And there are several publications, for example, that show that cribriform histology and [inaudible] histology promote aggressive cancer, and that's true in [inaudible] active surveillance [inaudible], but most pathologists don't see those and don't report those because they don't have the expertise on it. And Oncotype and Decipher can substitute for that pathologic expertise. That's really why they're useful. So here's how I use both histology and gene expression profiling in my practice. Histology is useful in certain circumstances where you don't need genomic testing or gene expression profile testing. If you have a microfocus of low-grade prostate cancer and a negative MRI, genomics or gene expression testing isn't going to add any value. You don't need to do it.

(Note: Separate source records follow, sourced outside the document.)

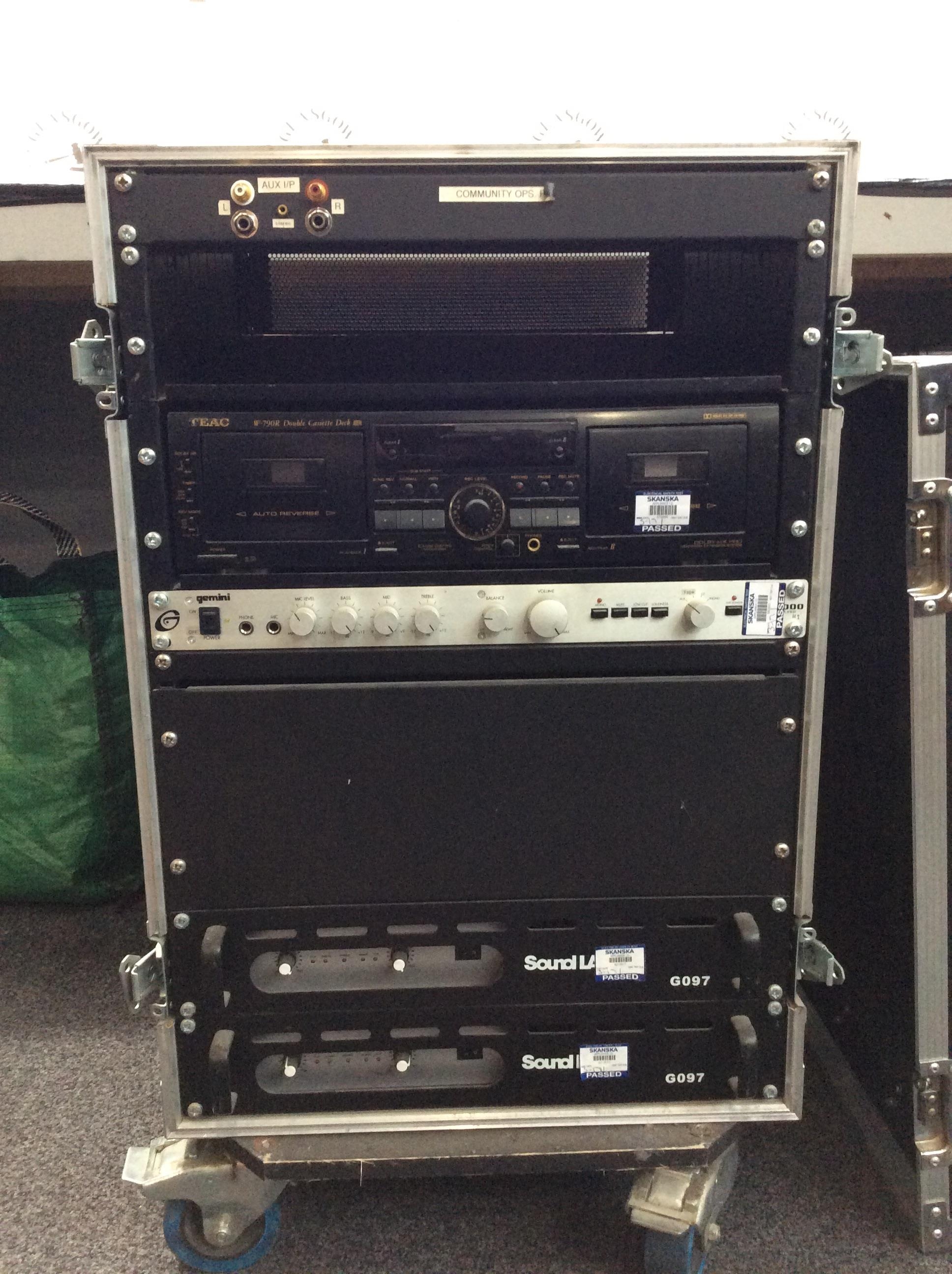 Mobile AudioRack Containing Teac V-790R Double Cassette Deck, Gemini Amplifier / Mixer & Two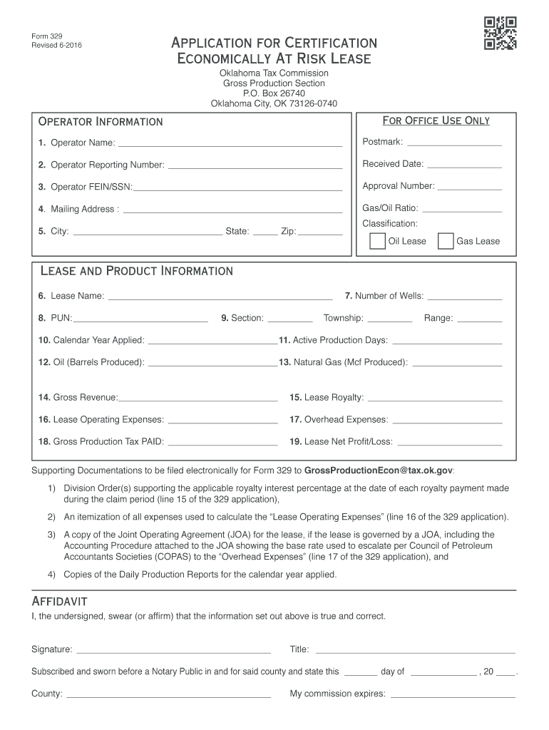 Form 329 Revised 62016Application for Certification Economically At Risk Lease Oklahoma Tax Commission Gross Production Section P.O. Box 26740 Oklahoma City, OK 731260740For Office Use OnlyOperator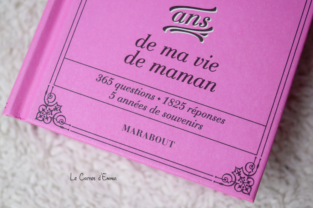 5 ans de ma vie de maman, c’est un journal à compléter chaque jour : 365 questions, 1825 réponses, 5 années de souvenirs ! L’idée est simple, chaque jour on répond à une question et ce pendant toute une année. Puis l’année suivante op on recommence avec les même questions. J’adore l’idée de pouvoir écrire sur notre vie de maman et chaque année voir ce que l’on avait répondu les années précédentes. Logiquement nos réponses vont changer en même temps que nos enfants grandissent. A 1 an ils ne font pas la même chose qu’à 6 ans. L’évolution sera fun et sympa à lire.

If you already have adverse pathology, it's in grade group three are higher, you don't need genomic testing. And if you have cribriform or intraductal, we know those are bad. You don't need genomic testing. The sweet spot for genomic testing is here. It's when you have multiple cores of Gleason [inaudible] cancer or low-volume Gleasons 3 + 4 cancer, because the genomics testing has revealed many of those are safe for active surveillance. And the common scenario now is someone with a PI-RADS 4 lesion on MRI has multiple cores of tissue taken from that lesion, and it's all grade six. And the MRI doesn't tell you anything about whether or not that cancer needs to be treated, but gene expression profiling will. So that's the sweet spot for genomic testing. And so if you're going to adopt them, think about the specific clinical scenarios where genomic testing has added clinical value and use them in that circumstance. And if patients have a high score, they're probably not a good candidate for surveillance. And if they have a low score, it's just one additional piece of evidence that it's safe for them to start on surveillance.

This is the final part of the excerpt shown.